DATA PROVIDED:

□ □ □ □

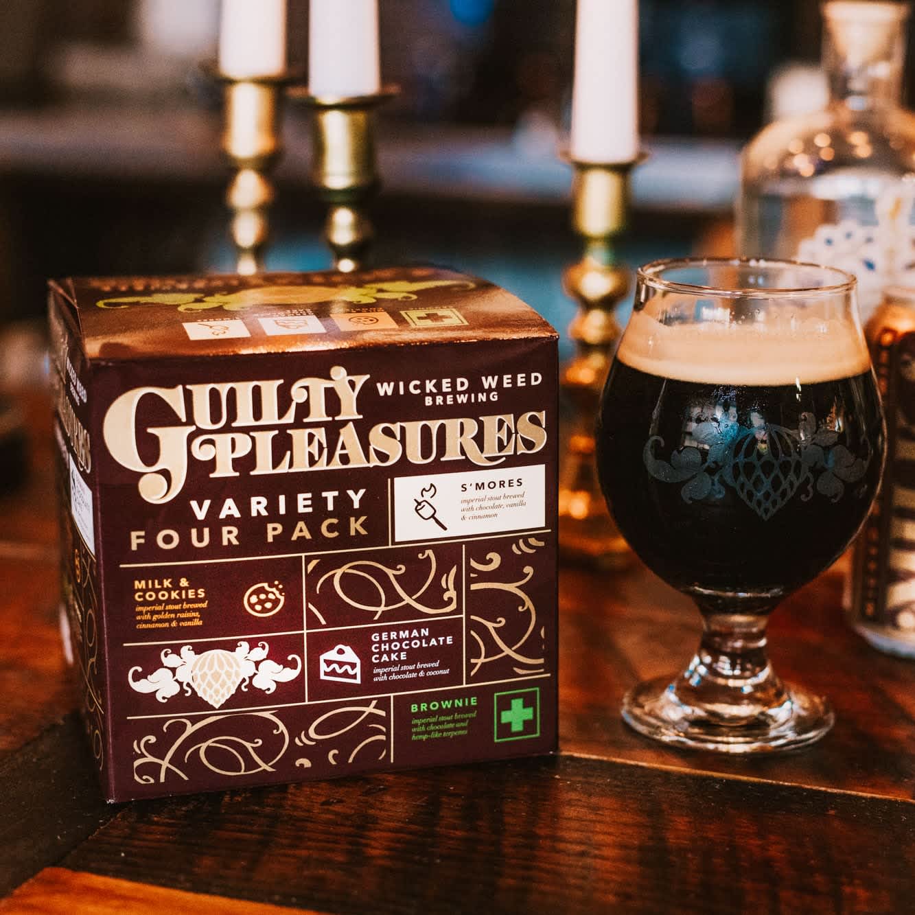 The variety pack of imperial stout, appropriately branded Guilty Pleasures, includes flavors like brownies, s’mores, German chocolate cake, and milk and cookies. Um, yum! While bold flavors can sometimes compromise the integrity of a beer by overpowering the natural taste of it, that is fortunately not the case for these high-quality imperial stouts. So don’t worry about it tasting artificial or overly sweet, because the Guilty Pleasures variety pack is truly the perfect balance of decadent desserts and imperial stout. Keep reading to see the specific flavors now, and use Wicked Weed Brewing’s online beer finder to see where you can purchase the four-pack for yourself.
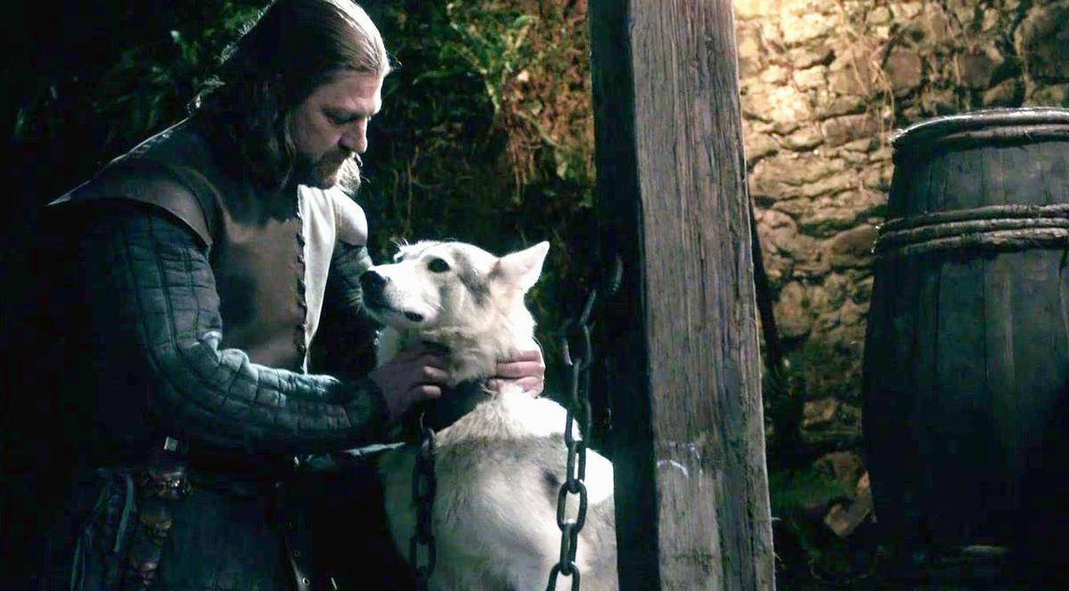 而冰原狼,是史塔克家眷不成分割的一部分。它们象征着北境过火文化,剧集也刻意强调了史塔克家每个孩子与我方冰原狼的羁绊。
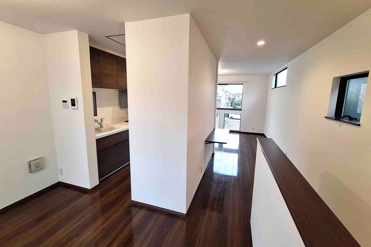 お客様をお招きしたり、みんなが寛いだりする2階LDKは、キッチンが見えにくい工夫がされてるおしゃれな間取のお家です。

□ □ □ □

WHAT YOU WILL DO: Without including any pictures, reproduce the listing exactly.

RESULT:
 The variety pack of imperial stout, appropriately branded Guilty Pleasures, includes flavors like brownies, s’mores, German chocolate cake, and milk and cookies. Um, yum! While bold flavors can sometimes compromise the integrity of a beer by overpowering the natural taste of it, that is fortunately not the case for these high-quality imperial stouts. So don’t worry about it tasting artificial or overly sweet, because the Guilty Pleasures variety pack is truly the perfect balance of decadent desserts and imperial stout. Keep reading to see the specific flavors now, and use Wicked Weed Brewing’s online beer finder to see where you can purchase the four-pack for yourself.
 而冰原狼,是史塔克家眷不成分割的一部分。它们象征着北境过火文化,剧集也刻意强调了史塔克家每个孩子与我方冰原狼的羁绊。
 お客様をお招きしたり、みんなが寛いだりする2階LDKは、キッチンが見えにくい工夫がされてるおしゃれな間取のお家です。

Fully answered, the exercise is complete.